Anyway, the purpose of this whole introduction was to establish the simple fact: I'm a hopeless, Environmentally Lazy Neophobiac. When I sense unknown taste, my reflexes actually want me to throw up ("hey, it's not my job to taste new kinds of mushrooms, I'm the guy with the notebook!", says the reflex). In the civilized age, this body design has its drawbacks since the new tastes normally introduce themselves at social gatherings, where vomit is most often unwelcome. I'm generally in control of my reflexes, so if you're having a party and you wanted to invite me until you read this, that issue shouldn't bother you (a couple of other issues probably should, but I digress). But at the core, below the level where I look like a toilet-trained civilized primate, I hate new things. Probably genetic. And now that we're through with the introduction, we finally reach the second introduction, the one about programming languages.

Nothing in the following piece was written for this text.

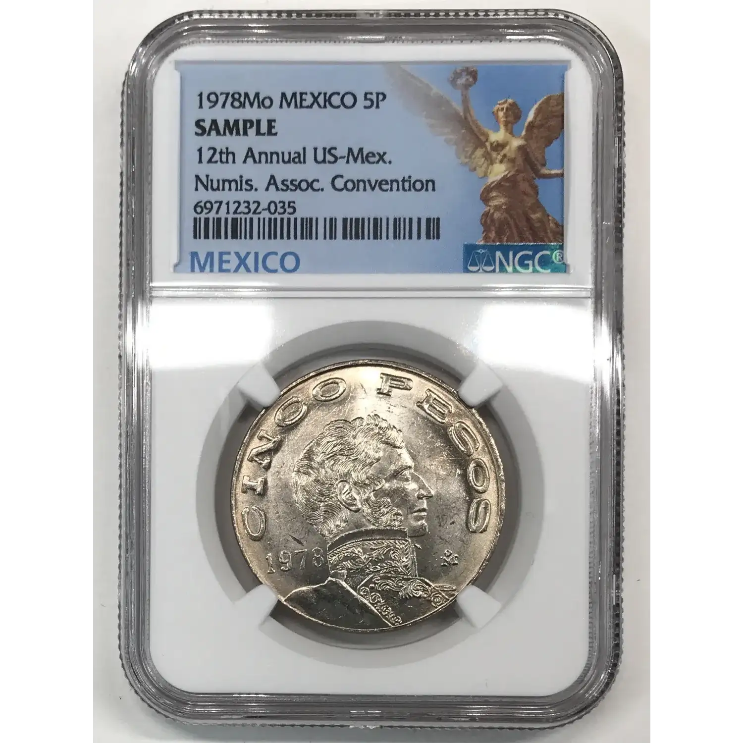 1978-Mo MEXICO Copper-Nickel 5 PESOS NGC SAMPLE 2024 12th Annual USMEX Coin Show

Back at the university, I learned C++, Java, Matlab, Scheme and ML. Not entirely unexpectedly, Scheme and ML was taught by arrogant weenies who never bothered to check what happens outside of the Pure Functional world. Their not-entirely-correct statements of the form "you can't do that in C++ or Java" earned them the solid credibility value of 0. As to programming assignments, they of course concentrated on the most practically useful ones. Like implementing a Scheme interpreter in Scheme, or doing type checking according to the rules of the ML type system in ML. So the primary thing that I learned about Scheme and ML was that some dead languages and programming styles are apparently particularly interesting to a particularly uninteresting kind of people. Can't really count it as learning Scheme or ML, even though I successfully finished implementing my useless interpreter and type checker. Took me lots of time to understand what's the deal with all those apparently reasonable people loving Lisp and OCaml.

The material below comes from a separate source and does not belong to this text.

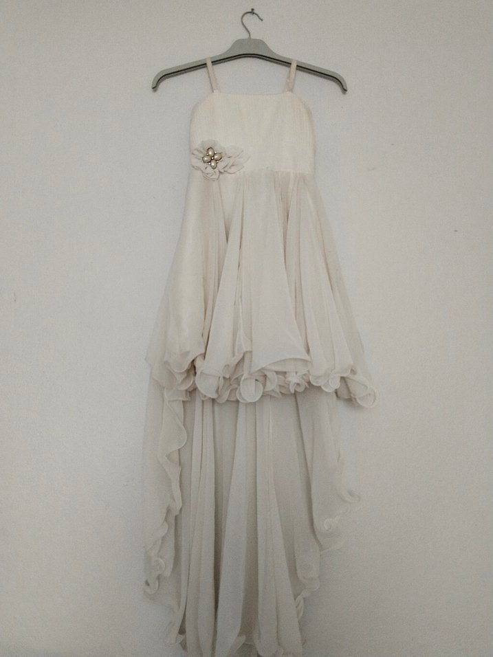 beyaz önü kısa arkası uzun abiye, fırfır detaylarıyla çok şık duruyor, asklılarını biz kısalttık içinde payı var açabilirsiniz. fiyatta yardımcı olurum

And Matlab is really a DSL. A great DSL, but you won't use it for fiddling with text and files, for example. So my only readily available options for fiddling with text and files were C++ and Java. Tough choice, because both awfully suck at this sort of thing, but somewhat differently. C++ is verbose, has disgusting string manipulation facilities, compiles slowly and dumps core, while Java is even more verbose; verbosity is a big problem, perhaps I'll (verbosely) talk about that some time. I settled for C++ because that's what everybody else was using around me.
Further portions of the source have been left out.